* Description of the task *
Restate word for word the opening line of the data below and every line after it until the line with "拍品编号1:三菱牌CFA2031G小型越野客车一辆", that line too, but not the pictures.
*** Given records Section Begins ***
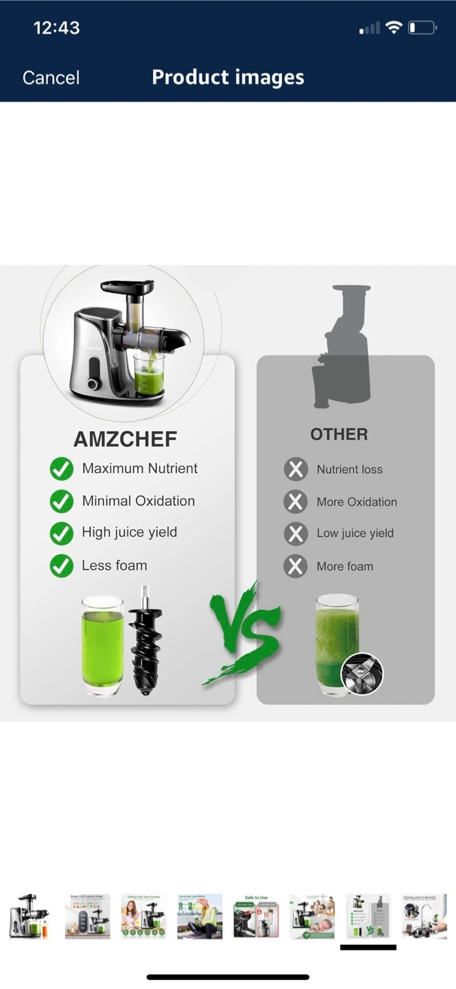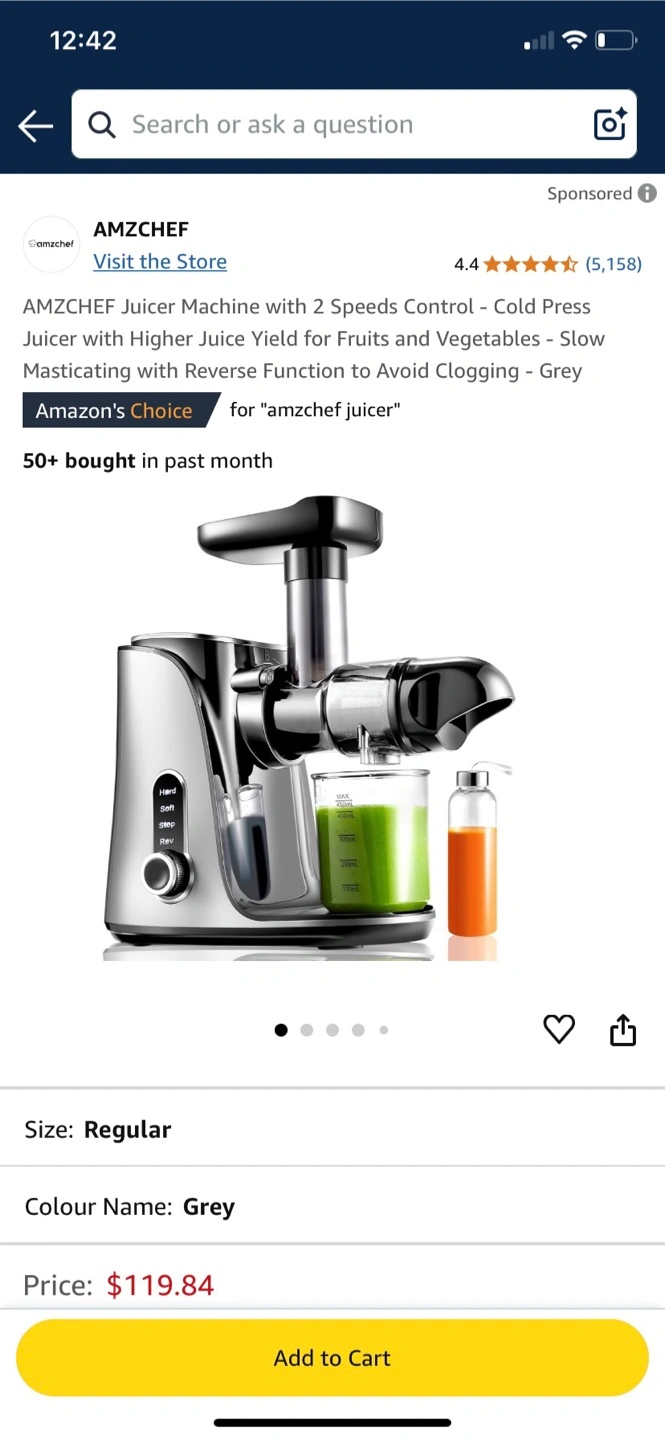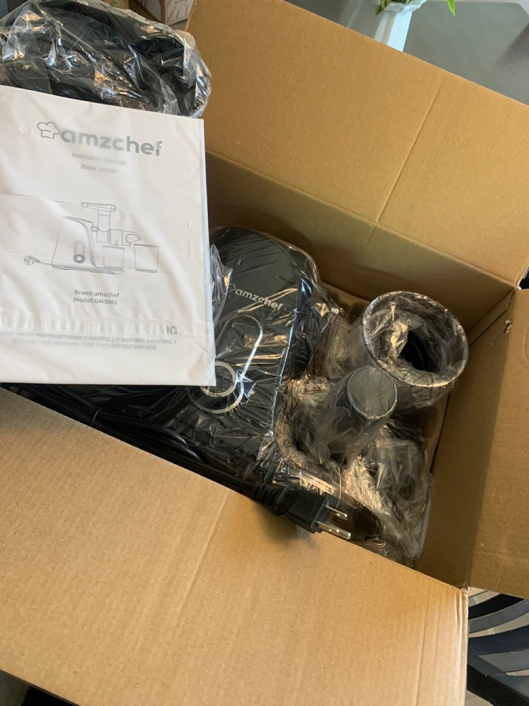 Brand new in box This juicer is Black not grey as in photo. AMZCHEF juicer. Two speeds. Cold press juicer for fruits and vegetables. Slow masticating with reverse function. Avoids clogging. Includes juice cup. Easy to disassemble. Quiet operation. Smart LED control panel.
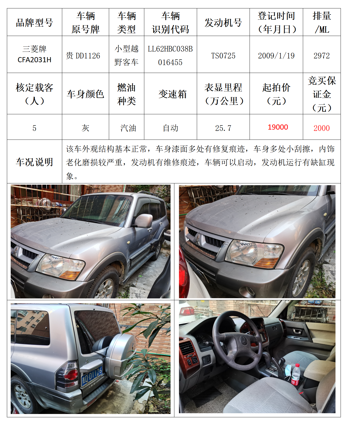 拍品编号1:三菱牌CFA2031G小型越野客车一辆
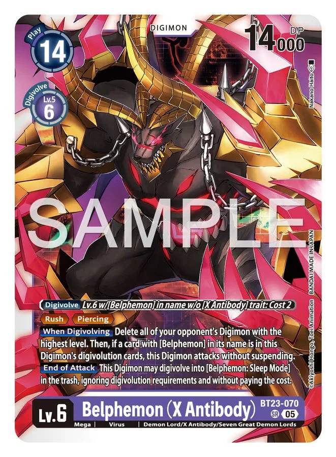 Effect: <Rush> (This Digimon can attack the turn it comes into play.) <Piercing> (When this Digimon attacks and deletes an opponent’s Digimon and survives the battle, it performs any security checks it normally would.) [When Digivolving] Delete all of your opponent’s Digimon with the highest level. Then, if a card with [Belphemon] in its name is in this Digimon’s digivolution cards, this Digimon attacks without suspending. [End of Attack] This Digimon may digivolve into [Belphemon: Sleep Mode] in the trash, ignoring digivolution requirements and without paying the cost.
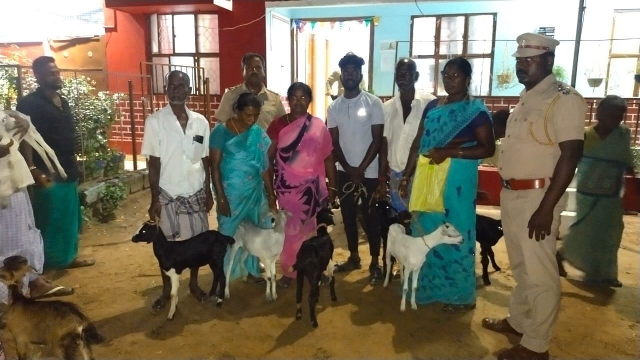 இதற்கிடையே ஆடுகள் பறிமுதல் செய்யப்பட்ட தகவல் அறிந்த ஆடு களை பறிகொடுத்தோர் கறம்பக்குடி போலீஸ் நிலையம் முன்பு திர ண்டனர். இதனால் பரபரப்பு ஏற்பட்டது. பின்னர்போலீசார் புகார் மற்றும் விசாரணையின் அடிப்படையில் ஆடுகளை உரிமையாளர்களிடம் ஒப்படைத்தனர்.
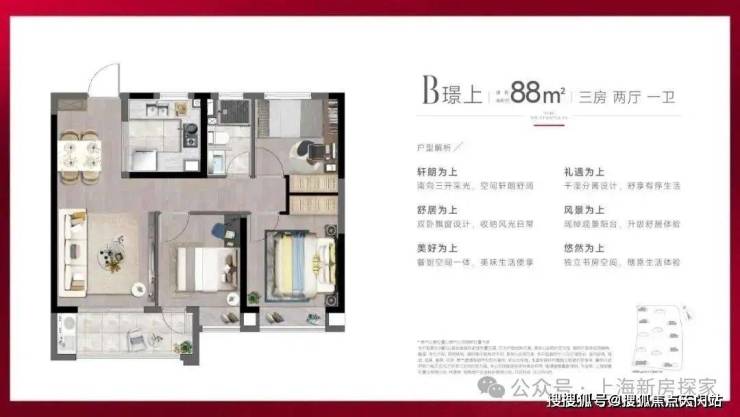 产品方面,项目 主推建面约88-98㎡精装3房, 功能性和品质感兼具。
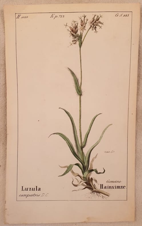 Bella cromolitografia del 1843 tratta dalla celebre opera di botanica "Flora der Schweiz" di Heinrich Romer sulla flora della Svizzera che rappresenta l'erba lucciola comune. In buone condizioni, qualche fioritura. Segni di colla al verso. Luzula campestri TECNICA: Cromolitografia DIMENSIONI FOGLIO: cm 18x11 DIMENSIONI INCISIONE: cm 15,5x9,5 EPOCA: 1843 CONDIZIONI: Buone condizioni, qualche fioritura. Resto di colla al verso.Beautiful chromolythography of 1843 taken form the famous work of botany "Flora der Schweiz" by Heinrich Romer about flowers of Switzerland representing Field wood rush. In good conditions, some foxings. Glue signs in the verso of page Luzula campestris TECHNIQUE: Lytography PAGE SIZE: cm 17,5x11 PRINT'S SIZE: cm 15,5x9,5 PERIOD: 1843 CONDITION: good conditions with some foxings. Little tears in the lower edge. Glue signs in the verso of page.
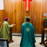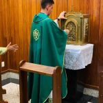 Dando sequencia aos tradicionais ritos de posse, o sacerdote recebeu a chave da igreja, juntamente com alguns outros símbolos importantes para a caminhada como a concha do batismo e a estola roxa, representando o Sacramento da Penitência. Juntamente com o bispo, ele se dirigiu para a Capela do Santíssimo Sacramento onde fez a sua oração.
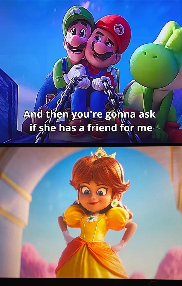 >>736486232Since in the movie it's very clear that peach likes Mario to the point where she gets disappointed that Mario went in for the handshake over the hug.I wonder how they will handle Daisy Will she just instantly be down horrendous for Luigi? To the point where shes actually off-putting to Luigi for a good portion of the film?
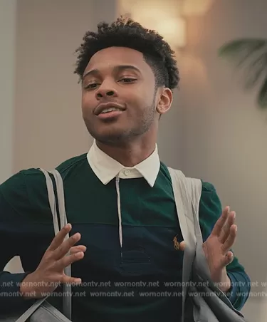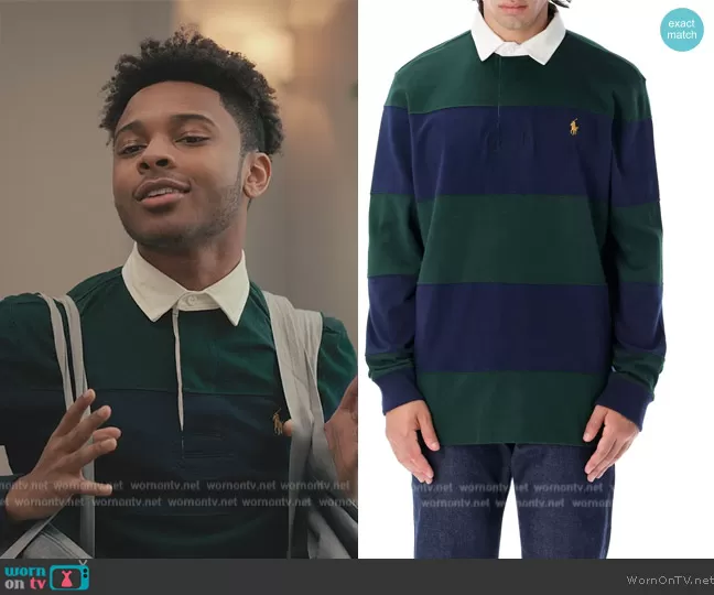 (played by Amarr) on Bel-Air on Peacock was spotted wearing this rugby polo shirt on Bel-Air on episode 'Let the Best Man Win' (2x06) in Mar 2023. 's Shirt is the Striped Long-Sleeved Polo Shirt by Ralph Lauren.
*** Given records Section Ends ***
* Exercise result *
 Brand new in box This juicer is Black not grey as in photo. AMZCHEF juicer. Two speeds. Cold press juicer for fruits and vegetables. Slow masticating with reverse function. Avoids clogging. Includes juice cup. Easy to disassemble. Quiet operation. Smart LED control panel.
 拍品编号1:三菱牌CFA2031G小型越野客车一辆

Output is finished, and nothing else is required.